It looks pretty, but this is yet another app in the long list of "Skype killers" or "Voice/video/text" messaging. It seems like it's the default goto for anyone that can't think of something more interesting these days.
>"What we need is another messaging app" said nobody, ever.
The usual negative HN top post.
I have to disagree. We've moved from irc, to ICQ, to Microsoft Messenger, to ..., to Skype, to (what's hot now), so somehow all those people really DID want another messaging app and even adopted one.
>It looks pretty, but this is yet another app in the long list of "Skype killers" or "Voice/video/text" messaging.
Most of the Skype killers are either crap or crippled in other ways (e.g. Facetime being Apple only).
And we're ways before coming up with the "be all end all" messaging app, so there's plenty of room for innovation in the area.
In general this comment reminds me of the "640K should be enough for everybody" quote...
I've been in Brazil for the past five weeks. EVERYONE uses whatsapp, because SMS is expensive. And this all happened in the past couple of years or so, because that's when smartphones became widespread.
I have never been asked my phone number. I've only been asked my "whatsapp". Make a good enough messaging app, and you can win an entire country. Or the world.
I'm from Brazil. You see small local businesses, with hand painted signs, where the phone number is followed by the whatsapp logo. Not even the name "whatsapp", just the logo.

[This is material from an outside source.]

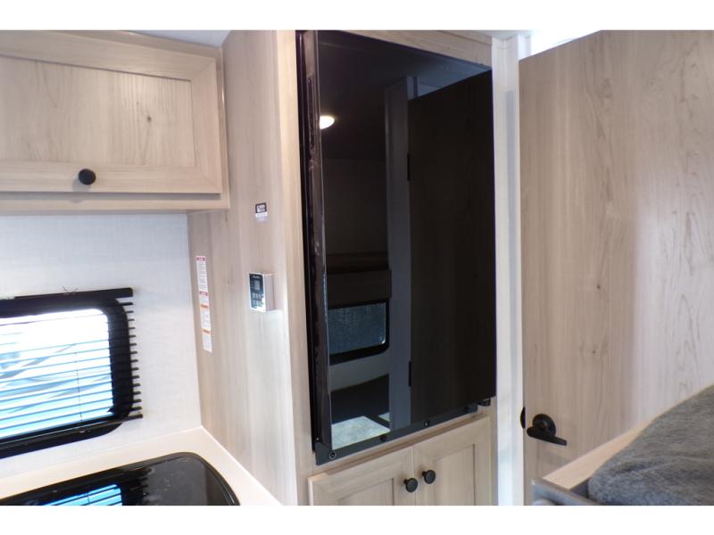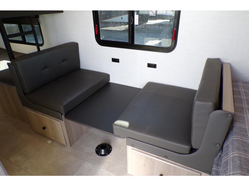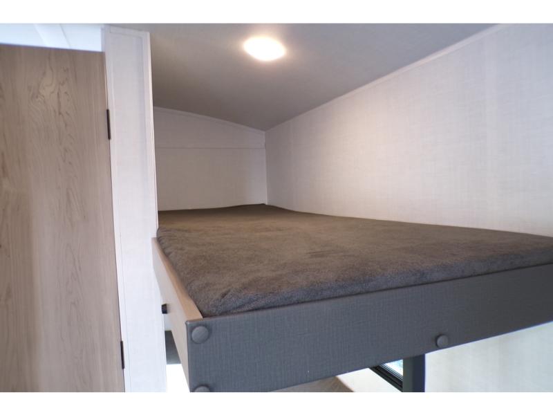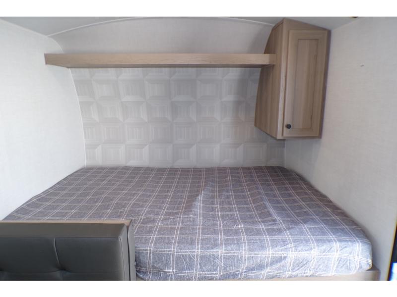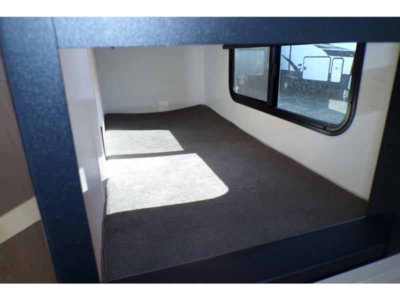 This charming travel trailer is perfect for families or small groups. The front bedroom features a full bed, perfect for a restful night's sleep. Ample storage space ensures you stay organized and clutter-free. The booth dinette is a cozy spot for meals and conversation, while the kitchen area is equipped with a microwave, fridge, and overhead cabinets. Prepare delicious meals and snacks with ease. The bunk beds provide a fun and practical sleeping solution for kids or additional guests. Perfect for sleepovers or family gatherings! The full bathroom is a convenient and refreshing space, with all the essentials for a comfortable stay.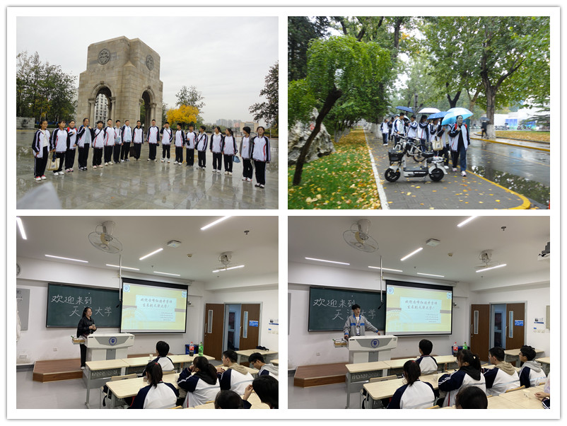 11月5日的游学活动,来访师生在招生宣传协会讲解队的带领下,从东门出发,依次游览了北洋广场、精密仪器与光电子工程学院、药物科学与技术学院、医学院、牛顿苹果树、第九教学楼、敬业湖,在雨中感受天津大学更具朦胧的美感。大家从天大风物到历史溯源,从建筑风格到校园生活,多角度全方位地了解了百年名校的历史积淀和蓬勃发展。为了使高中学生更全面的了解大学校园生活和天津大学招生政策等方面内容,本次游学还特意举行了“学生互动座谈会”。会上,内蒙古招生实践团和招生宣传协会的学长、学姐们分别就大类专业、培养模式、校园生活、招生政策等方面进行了详细的介绍,并就内蒙古新高考“3+1+2”选科政策与同学们进行了交流。期间,大家积极互动,踊跃提问,气氛十分活跃。

It's scary how they took over communications over here.
Yes. You are totally right. And the funny thing is that for many Brazilians who can't speak english WhatsApp became "ZapZap" (much easier for Portuguese speakers to say) or just "Zap".
Exactly, people don't associate the number with phones. And in my case, my "whatsapp" is a Canadian phone number. I don't even know the number on my Brazilian phone.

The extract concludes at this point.